Сегодня, как представил он себя, архитектор и пилот был одет в средневековую одежду. Длинные ноги плотно обтянуты. Сверхкороткая куртка. Материя казалась крепкой, но не отличалась красотой, подобно глазам.
Все представляло вопиющую разницу с белым платьем леди.
– Конечно, я помню ваше имя,— ответила Дженевьев. И ваше лицо тоже. По-моему, я вас видела дважды. И не лицом к лицу. Первый раз только на экране. Второй, когда вы были в космическом снаряжении, а я совсем не смогла разглядеть вас. Мы находились на корабле, и когда я попыталась заглянуть вовнутрь шлема...
Николас не видел, как побледнело лицо леди от наплыва заново переживаемых чувств. Он поспешно перебил ее:
– Мы на самом деле находились на корабле. Но сейчас оба здесь, моя леди Дженевьев. Здесь, в этом приятном месте. Здесь хорошо, не так ли? И вы в безопасности. Настолько, насколько могу защитить вас. И у меня есть... определенные возможности.
Бледность прошла. Леди Дженевьев, похоже, приняла и оценила по достоинству уверения своего компаньона в безопасности. Качнув слегка головой, как бы исключая всякие сомнения, подняла холеную руку, словно в вопросительном жесте, и указала в сторону неясно вырисовывающихся за монастырскими стенами двух больших прямоугольных башен. Слабые косые лучи солнца окрашивали строения в серо- коричневый тон.
Каждую башню с четырех углов увеличивали четыре небольших шпиля. И ближняя башня казалась такой большой, что почти нависала над монастырским садом.
Между каменной кладкой и двумя людьми, скользя на прямых крыльях, пролетели ласточки со слабым писком.
Ник проследил за ее рукой.
– Это западные башни Аббатства. И между ними главный вход. Я проектировал их и руководил строительством... ну, честно говоря — а я хочу сохранять честность с вами — это сделал мой тезка. Он жил даже раньше того, как написал слова к песне, что я пел. Но уверен, я бы сделал все так же, если не лучше, работая с камнем и известью. Вы помните, что я вам сказал однажды, что я архитектор?
– Да. Помню каждое ваше слово.
Грациозно поднявшись, леди глубоко вздохнула:
– Но у меня ощущение, что я должна помнить больше, гораздо больше. Я имею в виду самые последние события. События большой важности и если бы по-настоящему сделала усилие вспомнить, что же со мной произошло, получила бы ответы на многое.
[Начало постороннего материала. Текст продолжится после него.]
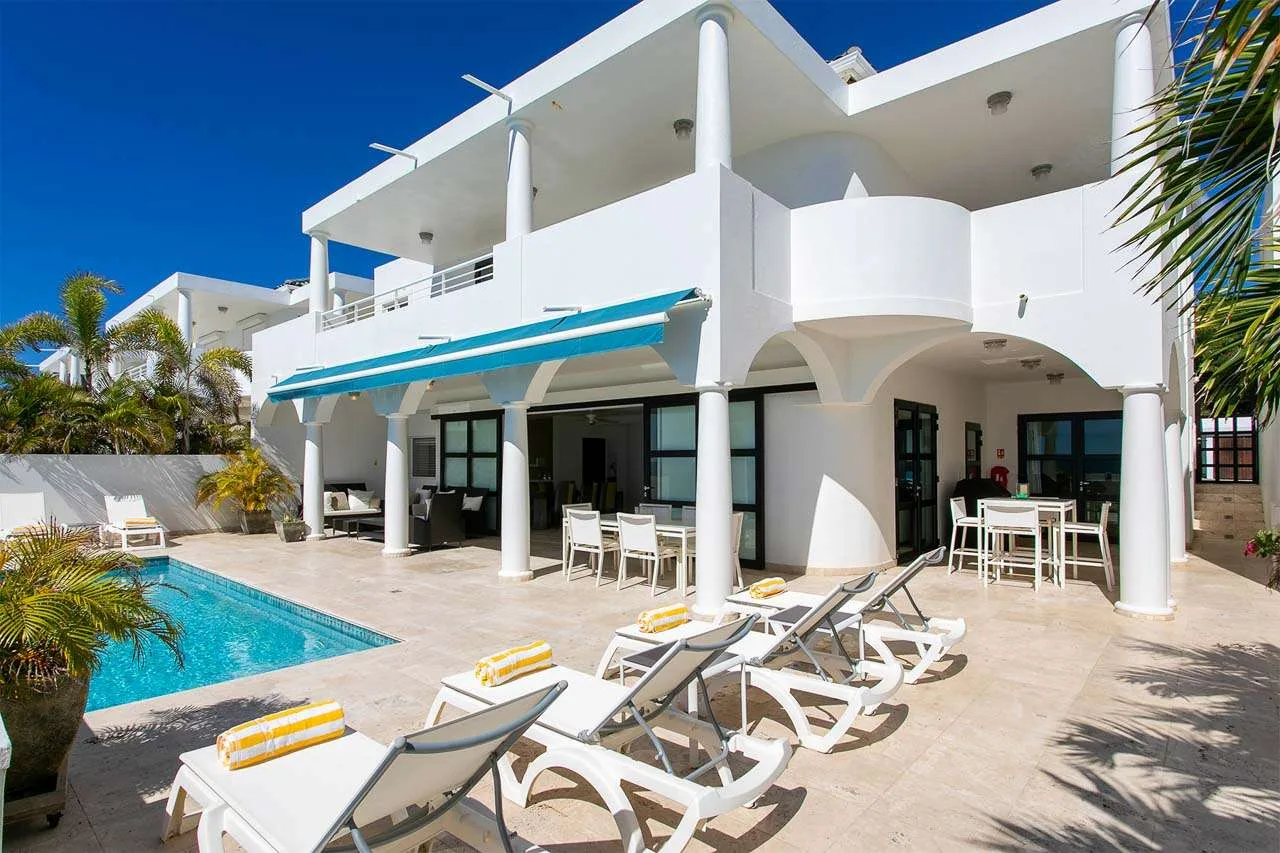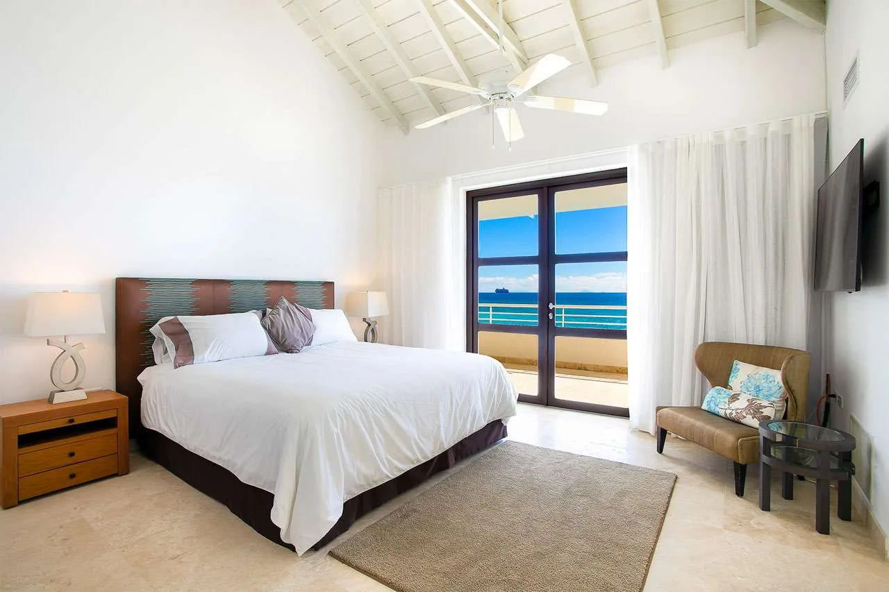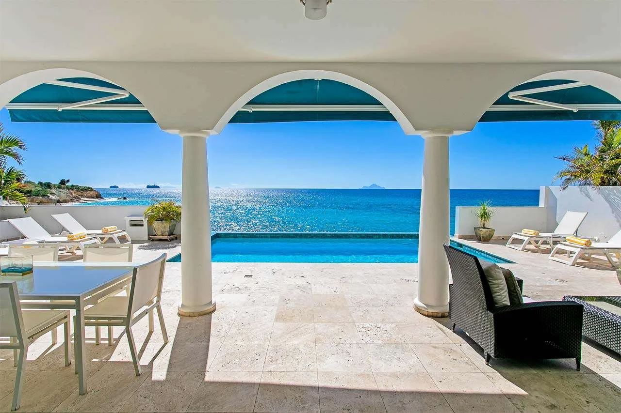 The contemporary interiors flow through stunning glass and wood sliding doors right onto a spacious covered travertine terrace and deck. The wraparound space is perfect for outdoor dining and lounging. Graceful arches and columns draw your eye to the deep blue pool that seems to flow straight to the sea. You share a private entrance to Cupecoy Beach. An awning lowers to provide shade from the late afternoon sun.

Но...
– Разве вы не решаетесь сделать такое усилие?
– Да! — и добавила шепотом,— потому что боюсь!
Мужчина ловко поднялся и нерешительно к ней наклонился, говоря:
– Если вас что-то беспокоит, не спешите. Нет необходимости сейчас заниматься этим. Позвольте заботиться о вас, хотя бы недолго. Для меня привилегия — самая известная вам из всех — защищать вас. Во всем!
– Что ж, Николас, для меня большая часть пользоваться вашей защитой.
Дженевьев протянула маленькую руку, и мужчина, ступив вперед, принял ее с благодарностью.
После того, как пальцы их коснулись, леди ничего не помнила.
Среди трех космических кораблей “Фантом” заметно выделялся величиной, скоростью и вооружением. Находясь на орбите вблизи планетоида Иматра, премьер Дирак и его окружение из космического экипажа, советников, телохранителей и специалистов, в том числе Сэнди Кенсинг, поспешно завершили приготовления.
Один из кораблей Дирака ненадолго приземлившись на Иматре для ремонта, быстро покидал планетоид, чтобы встретиться в назначенном месте с “Фантомом” и вторым кораблем, оставшимся на орбите.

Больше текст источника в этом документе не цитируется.